Endometriosis is a benign, common gynecologic disorder, affecting 6–10% of women during their reproductive years (1). Chronic pelvic pain, dyspareunia, dysmenorrhea and infertility represent the main manifestations (2). The absence of a timely and non-invasive diagnostic tool is presently the greatest barrier to the identification and treatment of endometriosis.

Endometriosis is characterized by a multifactorial pattern of inheritance, influenced by multiple genetic and environmental factors, as documented initially by the elevated incidence of severe endometriosis in the first-degree relatives of affected women compared to women lacking a positive family history (3,4). Furthermore, two monozygotic twin-based and family studies have demonstrated an approximately 50% heritability for endometriosis (5,6). Case-control studies, genome-wide association studies (GWAS) and meta-analyses have led to the identification of disease-risk loci that alter a woman's risk of developing the disorder and provide new insight into potential pathways leading to endometriosis. Particularly, GWAS in several series of samples have identified single nucleotide polymorphisms (SNPs) that are either directly or indirectly implicated in matrix remodeling, cell cycle regulation and signaling, cell adhesion, hormone receptors and metabolism, transcription regulation and inflammation, as well as immune and oxidative stress processes (7). However, all these data only account for approximately 5% of the disease variance (8). It is possible that rare and recent familial mutations, not detectable by GWAS, are responsible for part of the missing heritability. Thus, recent findings have suggested an increased burden of rare coding variants in genes involved in the development of complex diseases, apart from the established common variants identified by GWAS (9). Despite the continued progress being made in resolving the genetic underpinnings of endometriosis, a comprehensive list of genetic loci is far from being completed, and the functional role of causal variants remain poorly understood.

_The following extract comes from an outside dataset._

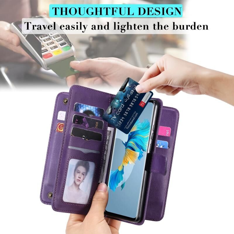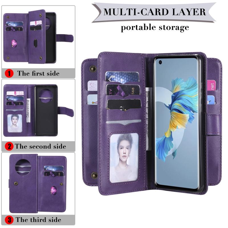 Θήκη Huawei Mate 40 Πολυλειτουργική Μαγνητική Θήκη από Χαλκό με Οριζόντιο Άνοιγμα, Μονόχρωμη Δερμάτινη με 10 Θήκες για Κάρτες & Πορτοφόλι & Στήριξη & Κορνίζα Φωτογραφιών (Σκούρο μπλε)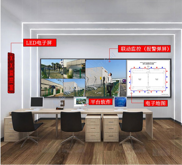 4、每個防區的脈沖圍欄需要和現場的監控形成聯動,并且需要根據設置的防區做成物理電子地圖,配合聯動,綜合分析周界報警情況。

Recent progress in next generation sequencing provides us with the opportunity to search for less common variants with significant effects. In line with the aforementioned assumptions, whole exome sequencing (WES) provides a hypothesis-neutral approach. Accordingly, WES is a procedure that allows for the purification by sequence capture of all exonic regions of a genome and their further processing by next-generation sequencing (NGS) (10). Thus, prompted by the data collected by an initial genetic analysis (11) of a three-generation family of 7 affected women with surgically confirmed endometriosis and aiming to explore the contribution of functional coding variants to this disease, in the present study, we used WES to identify inherited rare, endometriosis-associated exonic variants in the patients of this family.

Patients and methods

Patients and study design

A three-generation family with 7 affected members is shown in Fig. 1. Case no. 1 was the first individual in the family to be diagnosed with endometriosis and underwent surgical hysterectomy at the age of 32 due to stage IV bilateral ovarian endometriosis. Her mother (not shown in the pedigree) had 4 children with no gynecological problems. However, her 3 daughters (case nos. 2–4) and 3 granddaughters (case nos. 5–7) have all been surgically diagnosed with endometriosis (11,12). Further clinical details regarding the disease severity of the affected members of the family have been previously reported in the study by Matalliotakis et al (11). In addition to endometriosis, case no. 1 has been diagnosed with 14 other morbidities, including Crohn's disease, interstitial cystitis, bronchial asthma, cardiovascular diseases, lupus erythematosus and multiple sclerosis (12).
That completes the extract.